THE ANTHOLOGIST SINCE 1927
THE LITERARY AND FINE ARTS JOURNAL OF RUTGERS COLLEGE


R E V I E W
Manderley
By Rebecca Wolff
[2001]
University of Illinois Press
84 pp.
$12.95
Review by Erik Kennedy

Rebecca Wolff is a product of the Iowa Writers' Workshop, which ought to say about everything about her credentials. Also, she is the founder and editor of her own literary magazine, Fence. This is her first book, selected for the National Poetry Series by Robert Pinsky.

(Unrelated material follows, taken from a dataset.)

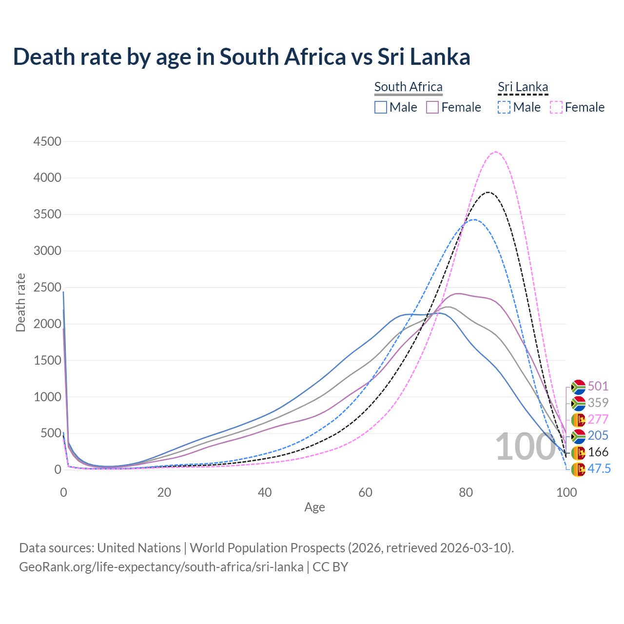 In South Africa, the most common age of death is 77, compared to 85 in Sri Lanka. The median age of death is 70.8 in South Africa and 81 in Sri Lanka, meaning only half of each cohort is expected to live past that age.

I try to think hard about a poet's first book, because, in all likelihood, the poet will continue in the same course until his books are as exciting and unpredictable as glaciers. Very, very few poets can transform themselves in mid-career. That said, I hope Wolff evolves; too much of Manderley is confused dream-stuff, like but unlike the confused, haunted manor house of Manderley in Daphne du Maurier's novel Rebecca. A number of the poems can only be explained as dreams or daydreams ("Chinatown, OH," "Flame On") and one poem, "I liked it so much," specifically cites "Freud's letters" (and presumably The Interpretation of Dreams) as the causus vivendi of the poem. I'm never sure what purpose the confusion is supposed to serve; one critic has written that the purpose is to "expose all feeling as rhetorical," but this is hardly convincing. It comes from the Any Nonsense Can Be Explained as a Dream school of poetry. We're fed the pointless poems of the trivial ("The Royal Begonia"), the poems of the scrambled but still recognizable ("Couched"), and the poems of the crabbed and perturbed ("Letters, Young and Old Poets"). A good deal of these are poems that are there, but barely there.

Wolff writes best when she focuses her attention on a carefully defined subject and pokes around inside it, shining the (sometimes bright) lantern of her imagination into the dirty corners. The volume's best poems, such as "Broads Abroad: Elizabeth Bishop & Jane Bowles," "Out of Town," "Mom gets laid," and "Flame On," do this. "Broads Abroad" tells us convincingly of what it might be like to be an expatriate literary lesbian, to queer the ordinary person's expectations, and to escape seeing the "same faggots" always. "Out of Town" is probably best described as a homely variation on Stevens' poem "Metaphors of a Magnifico." In "Mom gets laid," Mom is very much like the twisted Barbie of Denise Duhamel's poems. She is, comically, anything and everything: smutty, kinky, fetishistic, deranged, etc. This mom might take a Hot Carl. These are poems that show why the little jar is better than the net: one catches only what one needs.

It's always unsettling when a poet very properly describes his own work, especially if the description is unflattering: Ms Wolff says of her Manderley, "We will find, if not a language, a series of stabs at it."